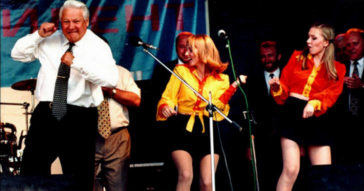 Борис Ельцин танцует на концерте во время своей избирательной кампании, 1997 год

========

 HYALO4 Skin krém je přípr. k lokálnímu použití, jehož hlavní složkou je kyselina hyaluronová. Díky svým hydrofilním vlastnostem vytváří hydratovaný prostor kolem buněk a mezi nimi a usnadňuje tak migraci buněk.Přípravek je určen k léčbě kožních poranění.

========

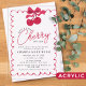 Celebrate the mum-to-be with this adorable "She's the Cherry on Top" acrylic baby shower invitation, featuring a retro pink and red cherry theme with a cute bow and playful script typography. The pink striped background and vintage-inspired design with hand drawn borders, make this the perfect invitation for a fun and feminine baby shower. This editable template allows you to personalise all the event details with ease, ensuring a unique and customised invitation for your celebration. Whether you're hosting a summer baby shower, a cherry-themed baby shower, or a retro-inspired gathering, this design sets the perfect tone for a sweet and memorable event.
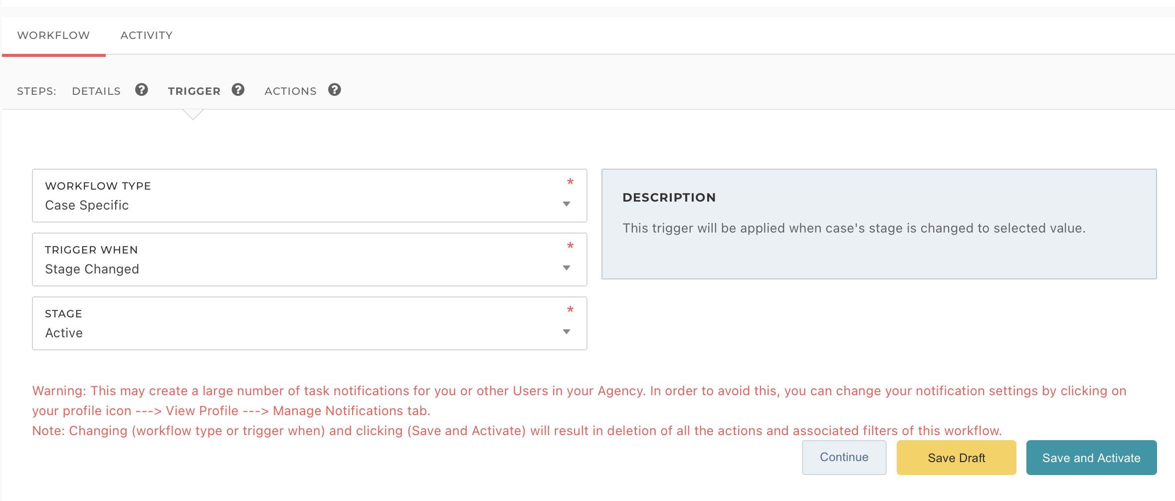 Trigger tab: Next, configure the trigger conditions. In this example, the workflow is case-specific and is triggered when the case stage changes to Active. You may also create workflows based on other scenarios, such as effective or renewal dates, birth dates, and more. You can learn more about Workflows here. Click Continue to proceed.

========

Leaving all pictures out, output exactly the lines of the material above from the line with "Celebrate the mum-to-be" to the line with "Trigger tab: Next, configure", both included.

 Celebrate the mum-to-be with this adorable "She's the Cherry on Top" acrylic baby shower invitation, featuring a retro pink and red cherry theme with a cute bow and playful script typography. The pink striped background and vintage-inspired design with hand drawn borders, make this the perfect invitation for a fun and feminine baby shower. This editable template allows you to personalise all the event details with ease, ensuring a unique and customised invitation for your celebration. Whether you're hosting a summer baby shower, a cherry-themed baby shower, or a retro-inspired gathering, this design sets the perfect tone for a sweet and memorable event.
 Trigger tab: Next, configure the trigger conditions. In this example, the workflow is case-specific and is triggered when the case stage changes to Active. You may also create workflows based on other scenarios, such as effective or renewal dates, birth dates, and more. You can learn more about Workflows here. Click Continue to proceed.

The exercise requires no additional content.